Assignment: Write the listing out again word for word, leaving each picture behind.

═══ Supplied material

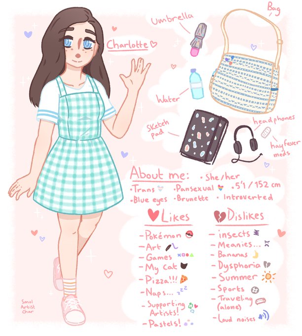 Here's mine: I'm Charlotte, a trans woman artist who loves drawing pokemon and cute girls in pastel soft aesthetics!
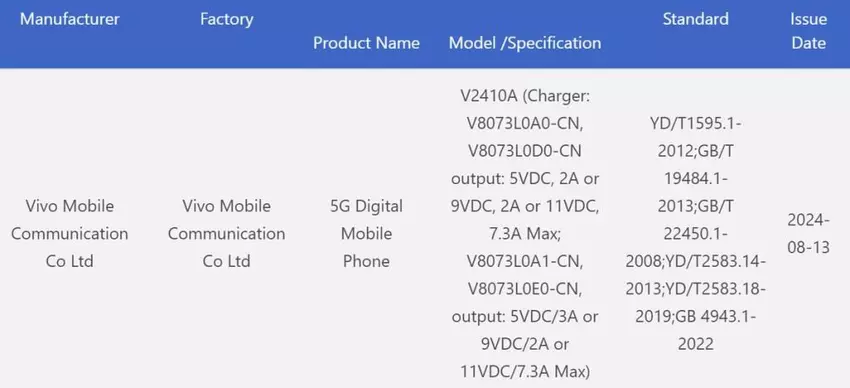 Dies wurde von einem chinesischen Insider enthüllt. Die Neuheit wird unter dem Namen vivo Y300 Pro 5G (Modellnummer V2410A) auf den Markt kommen. Das Smartphone hat bereits die Zertifizierung durch die chinesische Agentur 3C bestanden.
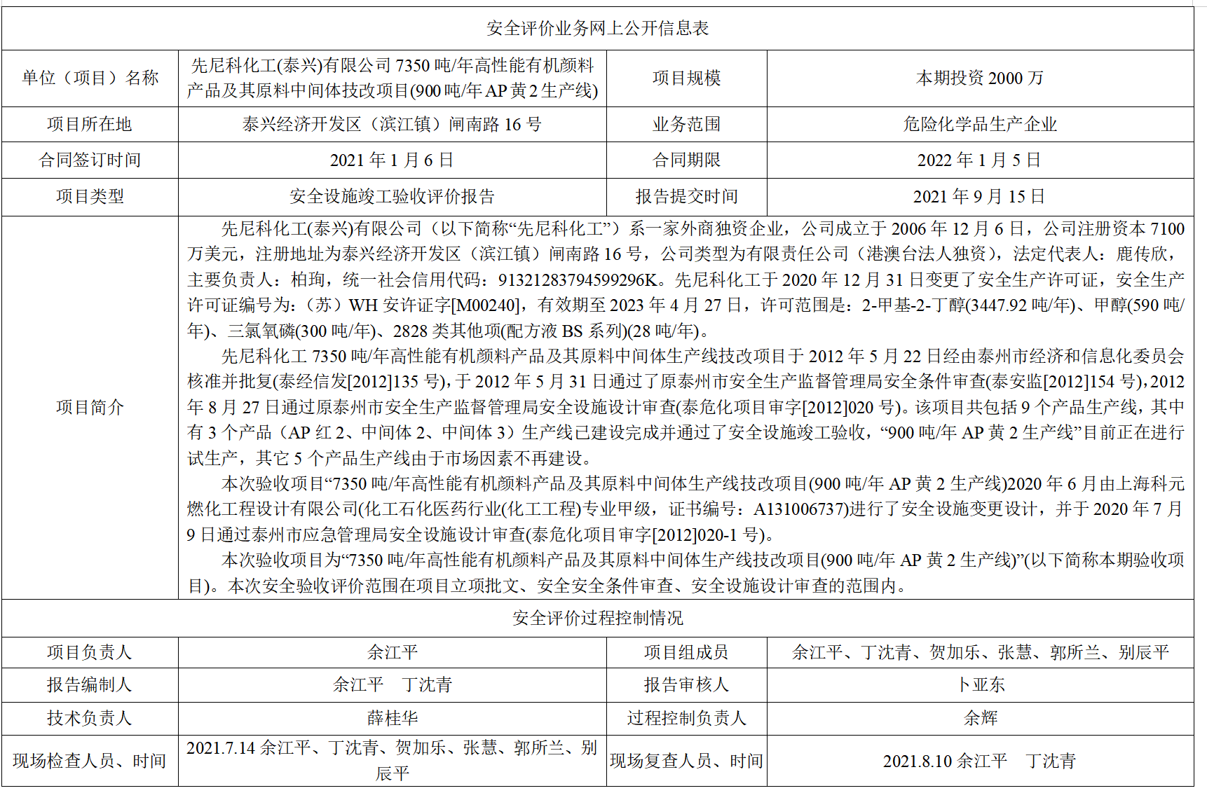 先尼科化工(泰兴)有限公司7350吨/年高性能有机颜料产品及其原料中间体技改项目(900吨/年AP黄2生产线)
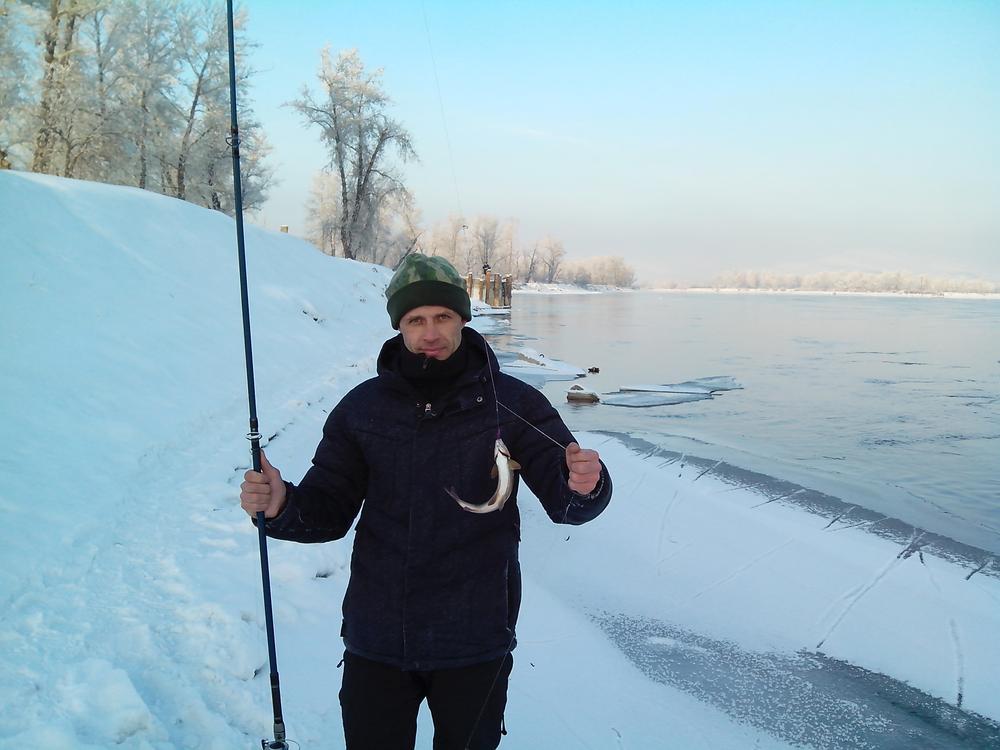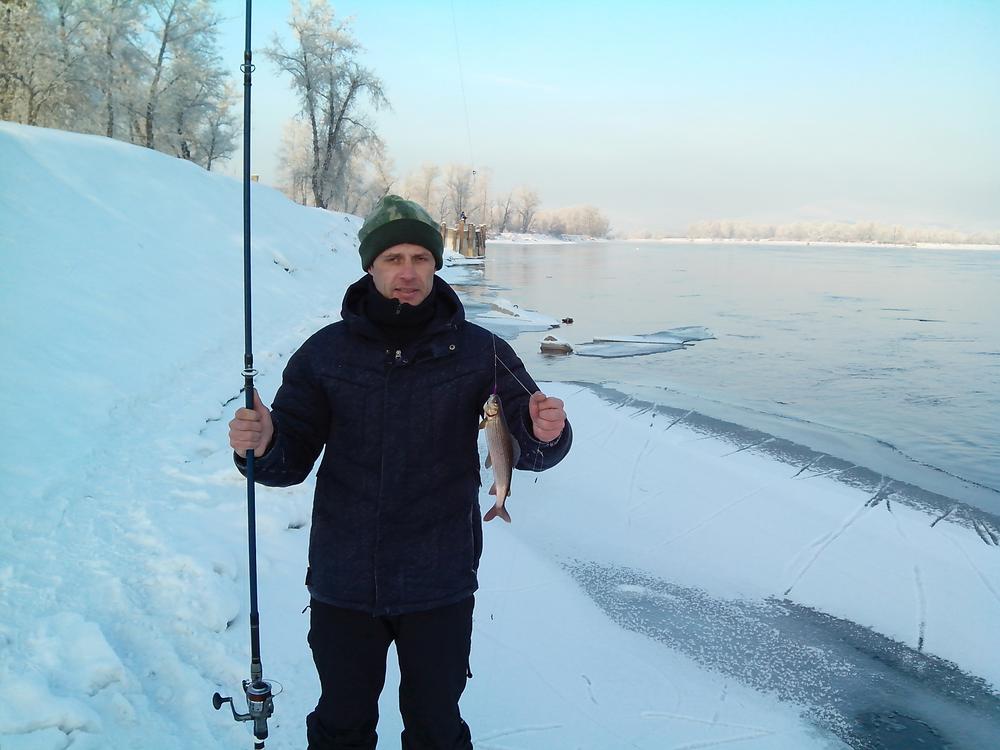 Всеобщий привет! Побывал сегодня на Енисее, заехал в район Быстрой, покидал чуть балду, никаких просветов, поехал на понтоны. Там встретил Сергея, он при мне вытащил хариуска и поехал домой, поймал на фиолетовый кембрик с блёстками (его общий итог 2 шт и куча сходов). У меня с собой не было, презентовал оснащенный. Я побалдил-0. Размотал тирольную удочку, и вымутил хариуса на кровянку, связана из подарочной шерсти от Евгения.

══════

Task solution:
 Here's mine: I'm Charlotte, a trans woman artist who loves drawing pokemon and cute girls in pastel soft aesthetics!
 Dies wurde von einem chinesischen Insider enthüllt. Die Neuheit wird unter dem Namen vivo Y300 Pro 5G (Modellnummer V2410A) auf den Markt kommen. Das Smartphone hat bereits die Zertifizierung durch die chinesische Agentur 3C bestanden.
 先尼科化工(泰兴)有限公司7350吨/年高性能有机颜料产品及其原料中间体技改项目(900吨/年AP黄2生产线)
 Всеобщий привет! Побывал сегодня на Енисее, заехал в район Быстрой, покидал чуть балду, никаких просветов, поехал на понтоны. Там встретил Сергея, он при мне вытащил хариуска и поехал домой, поймал на фиолетовый кембрик с блёстками (его общий итог 2 шт и куча сходов). У меня с собой не было, презентовал оснащенный. Я побалдил-0. Размотал тирольную удочку, и вымутил хариуса на кровянку, связана из подарочной шерсти от Евгения.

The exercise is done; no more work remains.